Other key challenges include:

  • AI systems are multi-faceted: AI systems are inherently diverse, with applications varying significantly across industries. There are many generative AI models and learning models, each with unique architectures and purposes, such as generative models for text, images, and sounds. Historically, early generative models like the markov chain and markov chains played a foundational role in probabilistic text generation, laying the groundwork for more advanced approaches. The importance of natural language processing is evident in enabling these generative AI models to process and generate human language effectively. This diversity, especially among generative models, complicates explainability, as different types of models present unique challenges in understanding and interpreting their outputs. Hence, a ‘one size fits all’ approach to regulating AI risks being overly stringent in some contexts while insufficient in others, highlighting the need for tailored regulatory frameworks that consider industry-specific requirements and challenges.
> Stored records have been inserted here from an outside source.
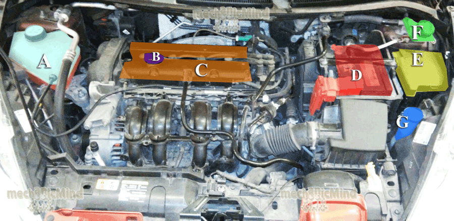 Segue la descrizione del vano motore di una Ford Fiesta Serie 6 del 2008.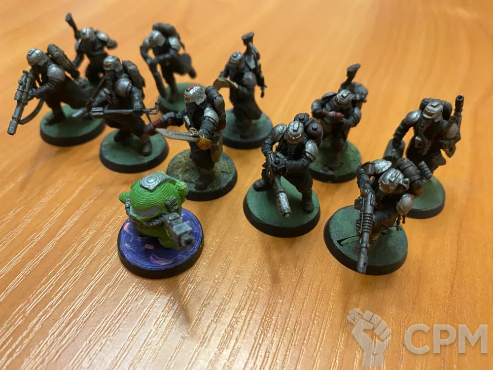 Плюс - отправка очень быстрая. Остальное, к сожалению, минус. Брал исключительно хаос спавнов. Разочарован. В описании не указано, что это самоделка из битцов литья и расплавленных спруек... часть пришла уже сломанная, часть с отклеенными базами из картона? Если разобрать всех на битцы и долепить зеленкой, можно попробовать одного нормально слепить... но они все залиты грунтом и краской, что окончательно отбивает желание что-то с ними делать...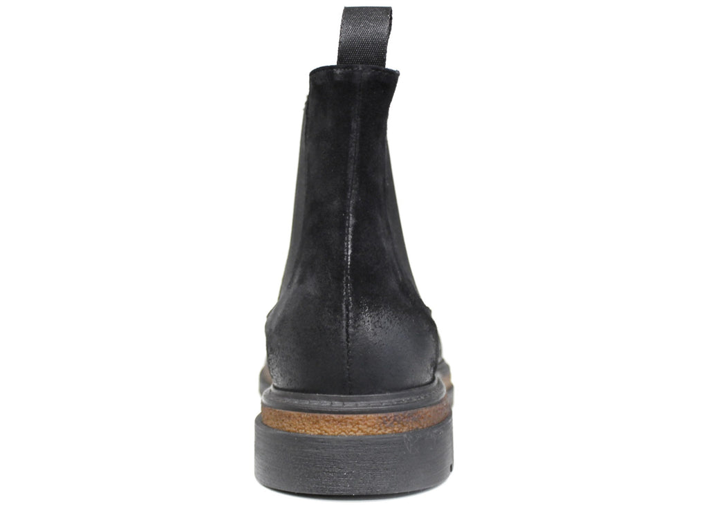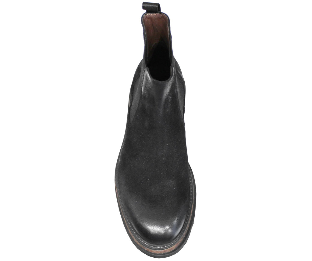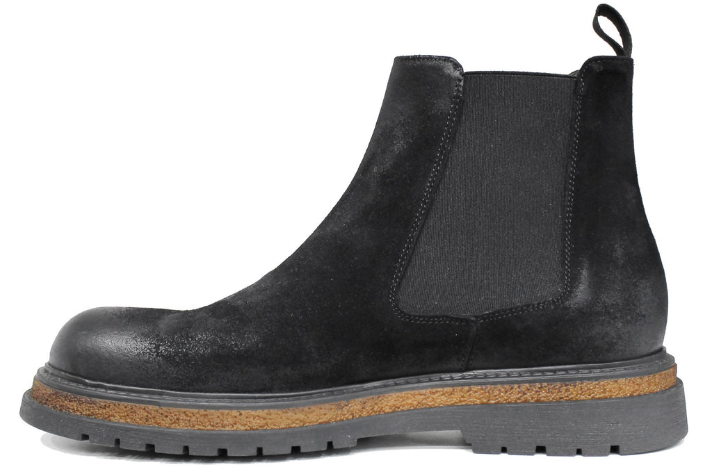 Stivaletto Chelsea uomo artigianale, modello 1182, realizzato in camoscio nero ingrassato con una suola carrarmato che dona al modello uno stile elegante ma allo stesso tempo sportivo.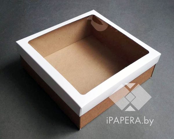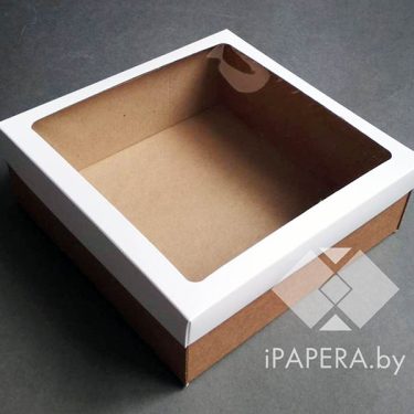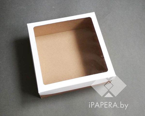 Крафт-коробка «Белая с окном» 25*25*11 см (дно из микрогофры)
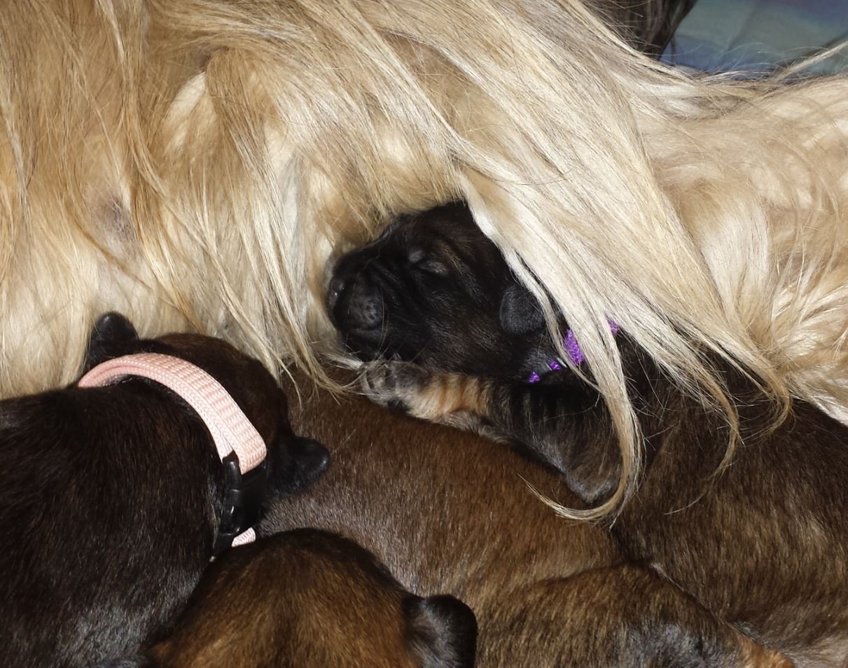 Im Rückblick habe ich noch einmal meine HP – Zusammenfassungen vom letzten Wurf durchgelesen, in wacher Erinnerung und ich dachte mir dabei : Ja, genauso ist es auch dieses Mal, meine Beschreibungen : Gedrängel an der Milchbar, die Pendelbewegungen des Kopfes, um Mama, die Geschwister und die Milchquelle zu finden, die schaukelnde Gangart des „Wackeldackels „, die Stimulierung des Ausscheidungsreflexes durch die Mutter, der spannende Moment des täglichen Wiegens, das Anlegen der Halsbändchen, Namensentscheidungen…. genau wie beim letzten Wurf !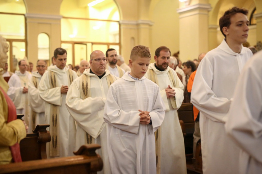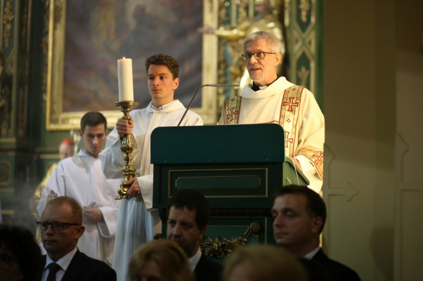 Az ünneplő közösséget a templom plébánosa, Szkaliczki Csaba Örs OCist köszöntötte.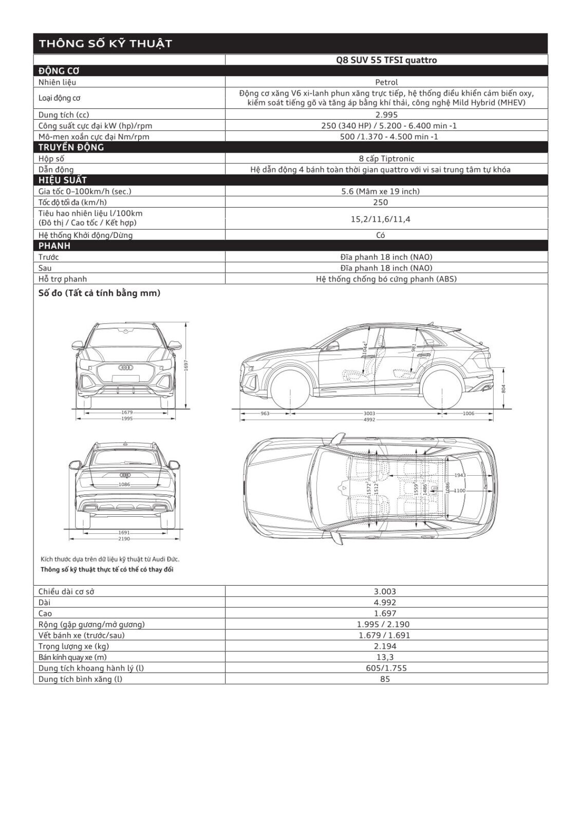 Audi Q8 2024 mang "trái tim" là khối động cơ xăng TFSI 3.0L cùng công nghệ mild hybrid MHEV 48V, sản sinh công suất tối đa 340 mã lực, mô-men xoắn cực đại đạt 500 Nm bắt đầu từ dải vòng tua rất thấp 1.370 - 4.500 vòng/phút. Xe tăng tốc nhanh chóng từ 0 - 100 km/h chỉ trong vòng 5.9 giây trước khi đạt tốc độ tối đa 250 km/h.

  • Trade-off between accuracy and interpretability: AI systems, like deep neural networks and Large Language Models (LLMs), are inherently complex. Achieving higher accuracy and pursuing higher quality outputs often means increased model complexity, which in turn makes these systems more difficult to explain. Even when explanations are available, simplifying them for non-technical stakeholders remains a significant challenge, as it can risk losing critical nuances of the underlying decision-making process. Modern generative AI, including the generative pretrained transformer architecture, serves as a foundational model for many advanced applications, further increasing the complexity of explainability.
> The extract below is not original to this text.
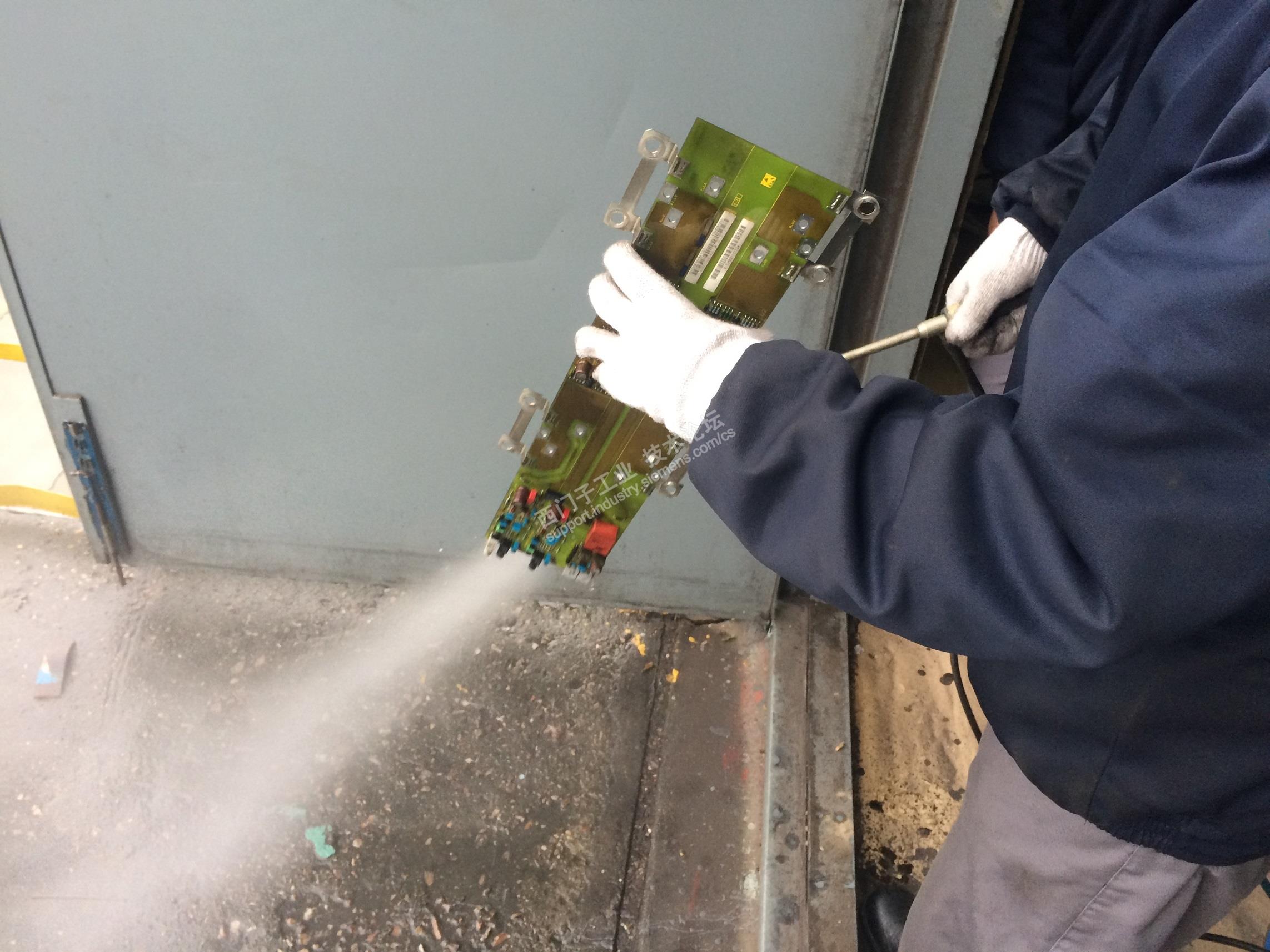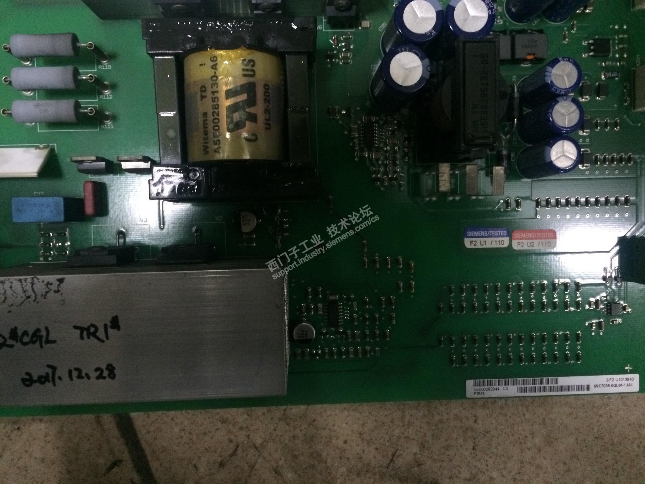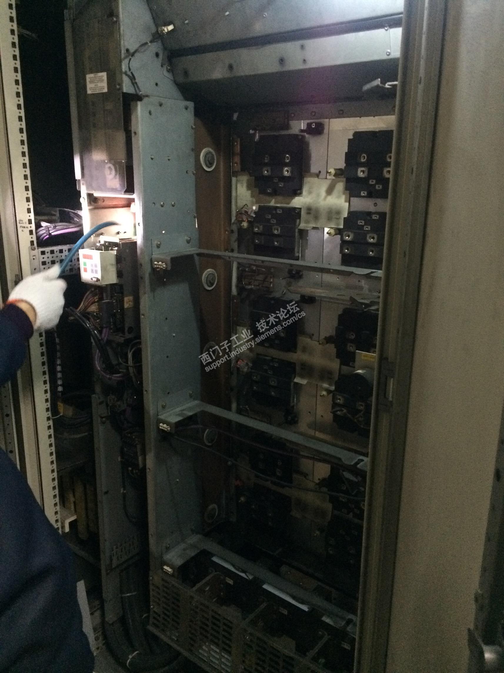 朋友请吃晚饭,于是驾车前去,还没到目的地,公司AnyCall(现场电话)过来了,说一台530KW的6SE70变频器报F025故障,可以复位,但运行十几分钟又会报。这是不让吃饭的节奏啊,询问完情况后,决定先临时这么运行着。因为生产线是连续运行,不能停车,且这台变频器是收卷机,不是很影响,再过几天检修时处理(先吃晚饭)。 终于熬到检修,检查电源板、CUVC板电源正常(CUVC:X101-1/2端子24V正常,X9:1/2端子正常),因之前别的变频器出现过F027的故障,是电流互感器的问题,因此,直接拆电流互感器,测量出来C相的互感器与其它2相的电阻不一样(A/B相都是4MΩ/0.9KΩ/4KΩ,C相是4MΩ/0.4KΩ/4KΩ),于是,更换C相电流互感器,安装好运行一个月一切正常。以为故障就这么解决了,没想到就在放假前几天,故障又出现了,不过这次是报F027。 再次把电流互感器拆出来检查,发现又是C相有问题,怀疑是IVI板有问题(互感器是接到IVI板的),于是,更换IVI板,顺便把PSU板也换了,上24V电,PMU报A017,并且008脉冲封锁。查报警代码,安全停车。我们没有安全选件板啊,并且008脉冲封锁是通过P555/P556/557来控制的,怀疑是没安装好,把IVI板上的光纤重新插拔了一遍,好了。上电运行,先观察几天。第二天一早,现场说又008和A017了,怀疑还是硬件有问题(之前在论坛看到过SIEMENS人员发过的帖子,008脉冲封锁,并有A017闪烁出现,一般是硬件出问题了)。 这板子都换了,就差IGD板和IGBT上的缓冲板和IGBT了。这时,已接近下班,明天就是元旦放假,看来这个元旦得加班了。为了第二天能顺利解决问题(能够少加班),晚上在论坛搜索A017的帖子,发现很多说是IDG板有问题,也有说是PSU板的问题,还有甚至是IGBT炸掉的。这一看,问题大了,看来明天得把变频器拆散架了。 工具都已准备好,目标直接拆到IGBT,用万用表检查IGBT,没有坏,那就剩IGD了,可这个大功率的IGD板子是三相分开的,不是一整张大电路板,查备件,只有一块,这个该换哪一相好?而且,型号的最后一位数字还不一样。最后决定,先把电路板清洗(板子的元器件上还是有很多灰的),再装回去测试,不行就把另一条生产线的同功率变频器拆过来。 于是,开始清洗板子,吹灰,晾干,一个上午很快就过去了。下午吃过饭,顾不上休息,直接安装。最后一颗螺丝安装结束,见证奇迹的时刻到了,24V电源合上,PMU自检,015接着008,等待十几秒,没有A017,心里一阵窃喜,让生产复位驱动,PMU显示011,心里的石头终于落地了。 回头总结,原因应该还是在IDG上,可能是灰尘太多,导致故障。2个多月的故障终于解决了。 以下是这次维修的照片:

  • Navigating Proprietary Algorithms: Many AI systems are built on proprietary algorithms, creating tensions between the need for transparency and the protection of intellectual property rights.
  • Cultural Considerations: Global AI regulations must respect the diverse legal frameworks, societal values, and cultural norms across countries. As AI capabilities develop unevenly worldwide, there are challenges in policy and governance, with advancements and regulatory efforts often concentrated in more developed regions, potentially creating disparities in global AI standards and practices.
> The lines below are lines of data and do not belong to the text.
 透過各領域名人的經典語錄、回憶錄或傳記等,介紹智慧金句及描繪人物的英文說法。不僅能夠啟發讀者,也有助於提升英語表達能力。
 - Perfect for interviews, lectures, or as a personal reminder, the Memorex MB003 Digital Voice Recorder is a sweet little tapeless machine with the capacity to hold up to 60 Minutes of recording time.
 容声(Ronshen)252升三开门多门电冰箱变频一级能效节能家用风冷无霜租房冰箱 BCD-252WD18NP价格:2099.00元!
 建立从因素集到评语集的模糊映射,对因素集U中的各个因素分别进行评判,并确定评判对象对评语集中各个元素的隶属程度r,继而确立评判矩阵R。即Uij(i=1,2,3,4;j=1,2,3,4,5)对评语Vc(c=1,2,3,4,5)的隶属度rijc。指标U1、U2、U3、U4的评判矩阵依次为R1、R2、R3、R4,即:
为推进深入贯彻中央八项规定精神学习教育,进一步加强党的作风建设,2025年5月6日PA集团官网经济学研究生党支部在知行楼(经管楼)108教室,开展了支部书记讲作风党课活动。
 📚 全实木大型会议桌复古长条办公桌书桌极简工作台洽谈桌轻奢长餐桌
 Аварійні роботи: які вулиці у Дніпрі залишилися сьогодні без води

Conclusion: Implications for Large Language Models

The need for robust regulations has never been more urgent. As AI technologies continue to shape industries and societies, it is imperative for global regulatory frameworks to evolve alongside them. Countries like India, the EU, Australia, and the US are taking crucial steps toward integrating explainability into their AI regulations, focusing on transparency, fairness, and accountability.

While there are considerable challenges in establishing effective AI regulations, these trends highlight the ever growing need for explainable AI (XAI), to ensure that AI predictions are not only accurate, but also understandable and justifiable to both technical and non-technical stakeholders. As regulations continue to catch up with the rapid advancements in AI, it is up to the organizations to ensure that transparency and accountability are prioritized in their AI deployments. This will not only ensure regulatory compliance, but also build trust with users, mitigate risks, and ultimately drive the ethical deployment of AI technologies.